Le réseau social professionnel LinkedIn prépare pour cette semaine une entrée en Bourse le valorisant à 4 milliards de dollars, relançant chez certains investisseurs la crainte d'une nouvelle bulle internet.

LinkedIn, site d'échange de curriculum-vitae, a annoncé mardi que les actions qu'il compte mettre sur le marché, peut-être dès jeudi, seraient mises à prix non pas entre 32 et 35 $, comme il l'avait annoncé il y a une semaine, mais presque 30% de plus, entre 42 et 45 $, pour une valorisation maximale approchant non plus 3 mais 4 milliards.

Selon le Wall Street Journal, qui a épluché les statistiques, c'est la première fois depuis 2000, soit avant l'éclatement de la première bulle internet, qu'une entreprise voit ainsi grimper aussi rapidement sa valorisation.

C'est aussi «l'entrée en Bourse la plus importante aux États-Unis depuis Google», a calculé le cabinet d'analyse financière spécialisé dans les entrées en Bourse Renaissance Capital.

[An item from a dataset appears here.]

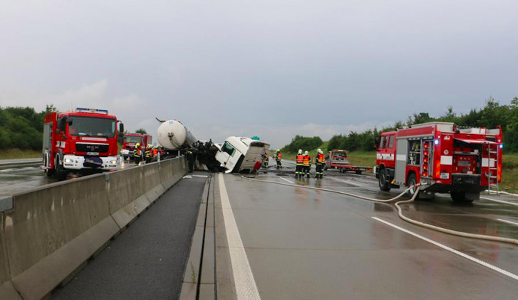 Nehoda se stala v sobotu před 14:00 na 311. kilometru dálnice v katastru Olšovce mezi Ostravou a Olomoucí. Šlo o polskou cisternu, kterou řídil český řidič. Cisterna dostala smyk a narazila do středových svodidel s betonovými zátarasy. Tahač se poté utrhl a začal hořet v motorové části. Oheň se na cisternu nerozšířil, hasiči ho rychle zlikvidovali. Ćásti betonových svodidel po nárazu dopadly do protisměru. I přes intenzivní brzdění do nich poté narazilo osobní auto, nikdo nebyl zraněn.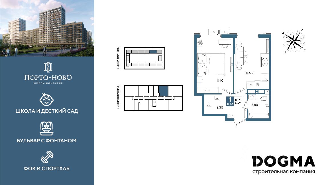 Срок сдачи: 4 кв. 2026, общей площадью 37.2 кв.м., на 14 этаже.

Le site d'analyse financière 247WallSt.com a interrogé ses lecteurs, dont les deux tiers ont jugé le prix avancé mardi «déjà trop élevé».

LinkedIn a plus que doublé son chiffre d'affaires en 2010, à 243 millions. Il a dégagé un bénéfice de 3,4 millions (contre un déficit de 4 millions de dollars en 2009). Mais il a prévenu qu'il fallait s'attendre à une perte en 2011 -«pendant que nous investissons pour la croissance à venir»- et à une décélération de la croissance.

Un élément au moins appellerait à la prudence: les investisseurs qui se sont précipités il y a deux semaines pour acheter des parts du «Facebook chinois», Renren, ont vu leur investissement perdre déjà le tiers de sa valeur.

Mais Lou Kerner, analyste spécialiste des réseaux sociaux chez Wedbush Securities, n'est pas surpris de l'attrait de LinkedIn: «il va y avoir une demande très importante des investisseurs pour ce qui sera la meilleure entreprise cotée (à ce jour) des réseaux sociaux», dit-il, en réfutant l'idée d'une bulle.

«Parler de bulle évite l'aspect principal, qui est l'énorme valeur créée pour les actionnaires dans les médias sociaux aujourd'hui, et le fait que les investisseurs sur les marchés ont très peu de moyens d'y accéder», ajoute-t-il.

En tout état de cause, LinkedIn promet de n'être qu'un nouveau galop d'essai avant l'opération que tout le milieu boursier et high-tech attend avec impatience, l'entrée en Bourse, peut-être début 2012, du roi des réseaux sociaux: Facebook.

M. Kerner valorise à 85 milliards de dollars le site aux 500 millions d'utilisateurs co-fondé par Mark Zuckerberg, avec une perspective à 235 milliards en 2015.

D'ici là, les investisseurs devraient pouvoir acheter des actions d'entreprises valant potentiellement le double de LinkedIn, selon M. Kerner: l'éditeur de jeux en ligne Zynga et le spécialiste des achats groupés Groupon.

Chez Morningstar, l'analyste Eric Buhr, spécialiste des entrées en Bourse, juge l'enthousiasme du marché pour ces valeurs prévisible, à défaut d'être justifié.

«Quant on pense à Facebook, par exemple, on parle d'une valorisation à 100 milliards pour 4 milliards de chiffre d'affaires attendu, soit un multiple de 25 fois les ventes -contre 5 fois pour Google», note M. Buhr.

L'analyste juge l'enthousiasme pour Groupon plus étonnant encore: «On parle d'une valorisation à 15 ou 20 milliards, mais pour une société de coupons de réduction qui n'a réussi qu'une chose, c'est d'être les premiers. Ce n'est peut-être pas justifié».

La valorisation de LinkedIn à 4 milliards représente un multiple de 16 fois les ventes du site.

LinkedIn est un site internet où les internautes peuvent décrire leurs emplois présent et passés et se constituer un réseau informel à travers leurs connaissances professionnelles ou amicales -voire se faire repérer par des recruteurs.